Work to complete: Could you return the data that follows exactly, minus the images?

Available data:

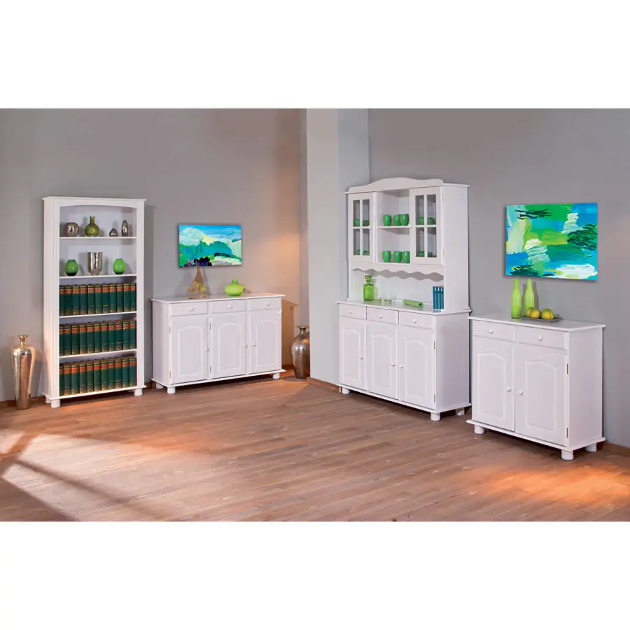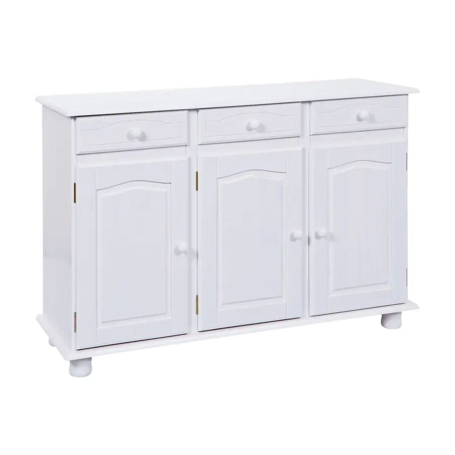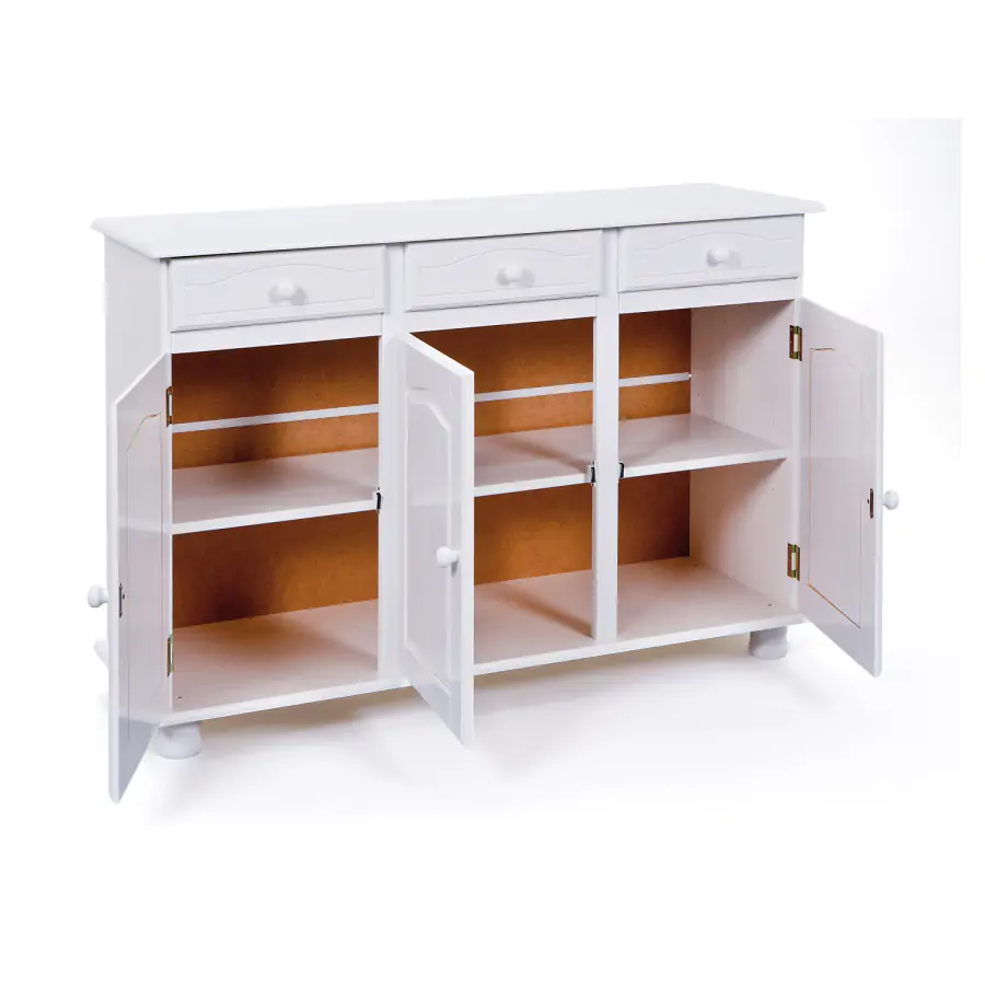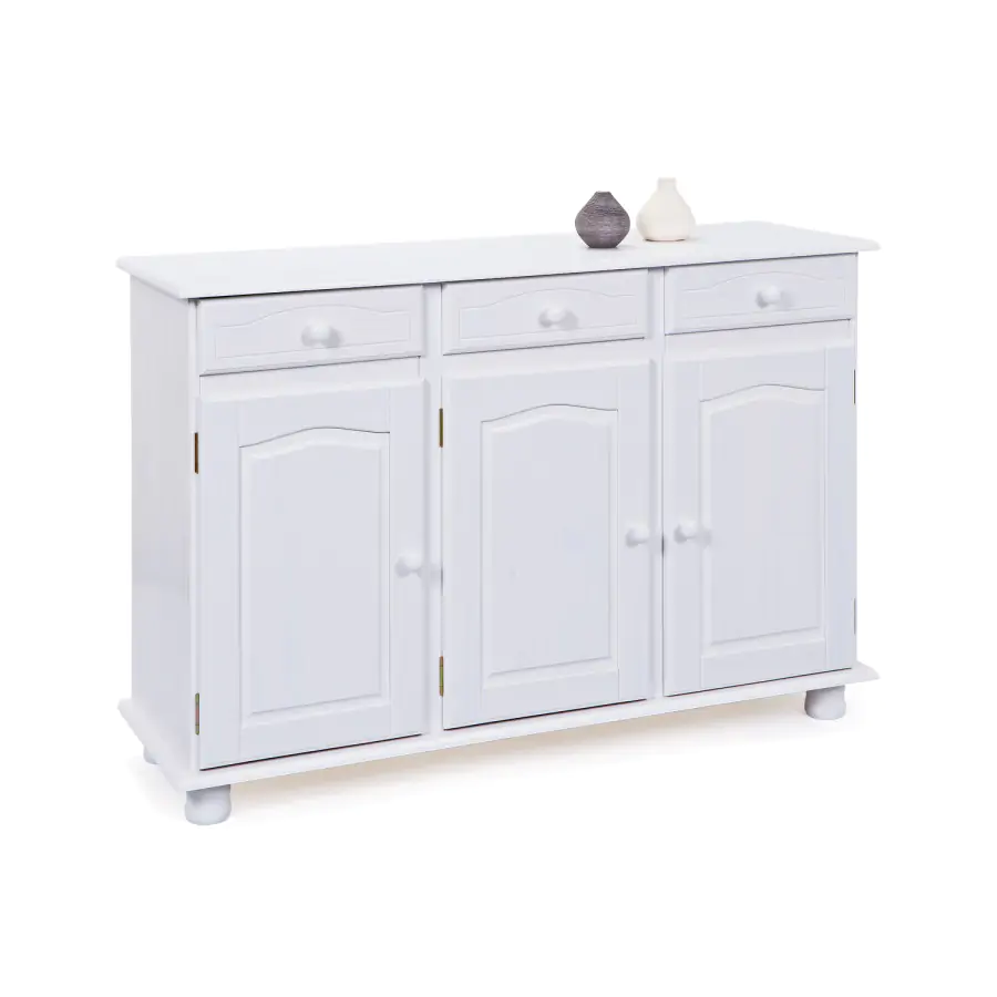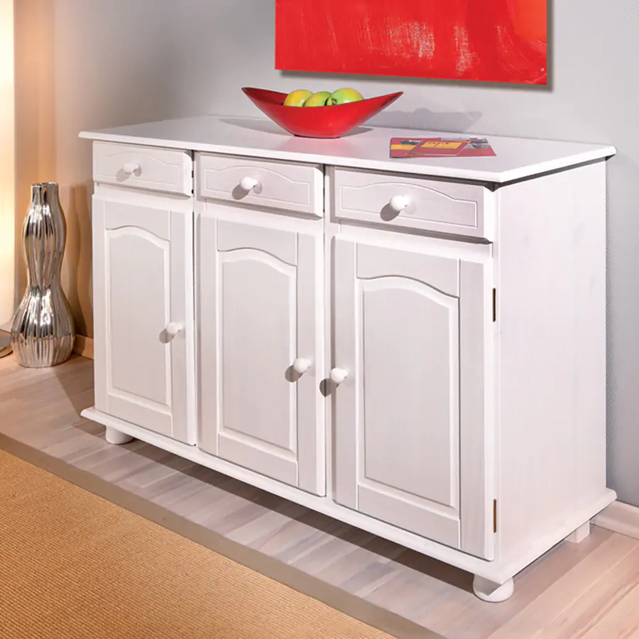 Provedení: Komoda Livio je vyrobena z masivní borovice, barevné provedení bílý lak. Komoda sestává ze třech zásuvek s kovovými pojezdy a trojích dvířek, za nimiž se nachází variabilně nastavitelné police. Zboží je dodáváno v demontu. UPOZORNĚNÍ: bílý lak nezakrývá přirozenou kresbu a strukturu dřeva – ta zůstává po nalakování viditelná. Nejedná se o plně krycí nátěr, ale o povrchovou úpravu, která ponechává dřevu jeho charakter.
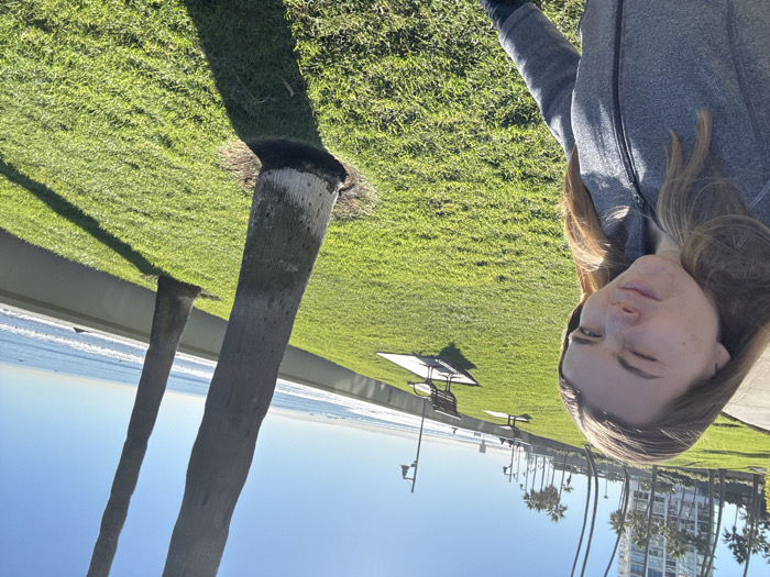 A sideways shot depicts a woman in a grey jacket. She faces the camera with one eye closed. Behind her, a lush green lawn stretches towards a beach and the ocean. Palm trees line the horizon. The sunlight casts shadows from the trees onto the grass. Benches are scattered across the lawn. Buildings rise up in the background, blending with the palm trees.
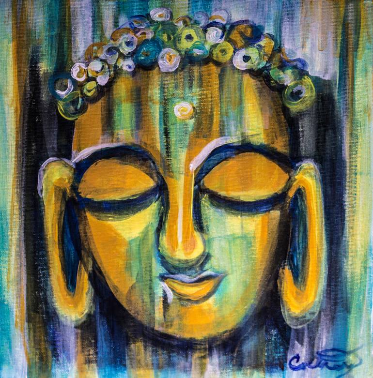 Acrylic on canvas. A peaceful Buddha face. Soothing but vibrant colors. Inspired by meditation and serenity.
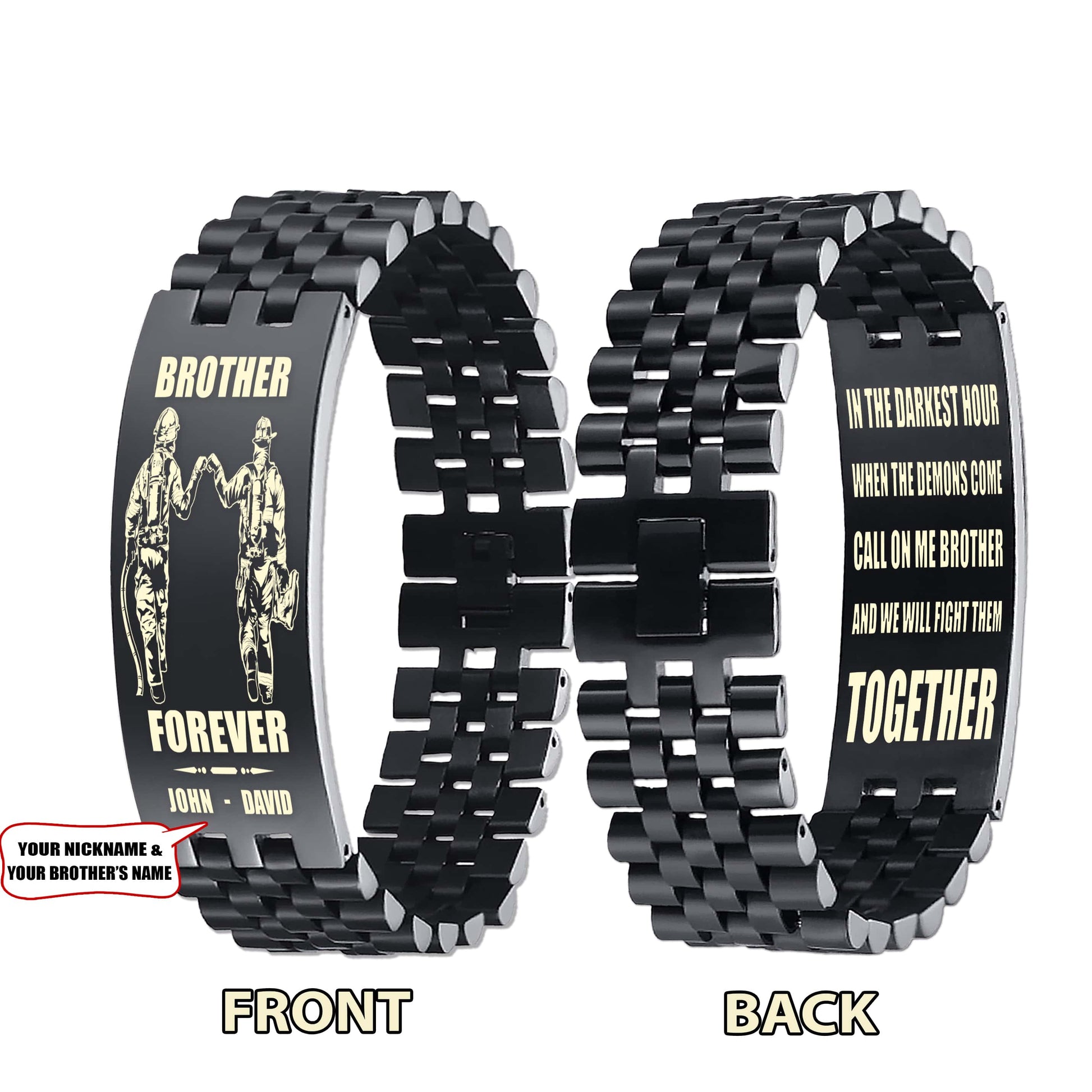 Viking customizable engraved brother bracelet double sided gift from brother, brother forever, in the darkest hour, When the demons come call on me brother and we will fight them together

The answer:
 Provedení: Komoda Livio je vyrobena z masivní borovice, barevné provedení bílý lak. Komoda sestává ze třech zásuvek s kovovými pojezdy a trojích dvířek, za nimiž se nachází variabilně nastavitelné police. Zboží je dodáváno v demontu. UPOZORNĚNÍ: bílý lak nezakrývá přirozenou kresbu a strukturu dřeva – ta zůstává po nalakování viditelná. Nejedná se o plně krycí nátěr, ale o povrchovou úpravu, která ponechává dřevu jeho charakter.
 A sideways shot depicts a woman in a grey jacket. She faces the camera with one eye closed. Behind her, a lush green lawn stretches towards a beach and the ocean. Palm trees line the horizon. The sunlight casts shadows from the trees onto the grass. Benches are scattered across the lawn. Buildings rise up in the background, blending with the palm trees.
 Acrylic on canvas. A peaceful Buddha face. Soothing but vibrant colors. Inspired by meditation and serenity.
 Viking customizable engraved brother bracelet double sided gift from brother, brother forever, in the darkest hour, When the demons come call on me brother and we will fight them together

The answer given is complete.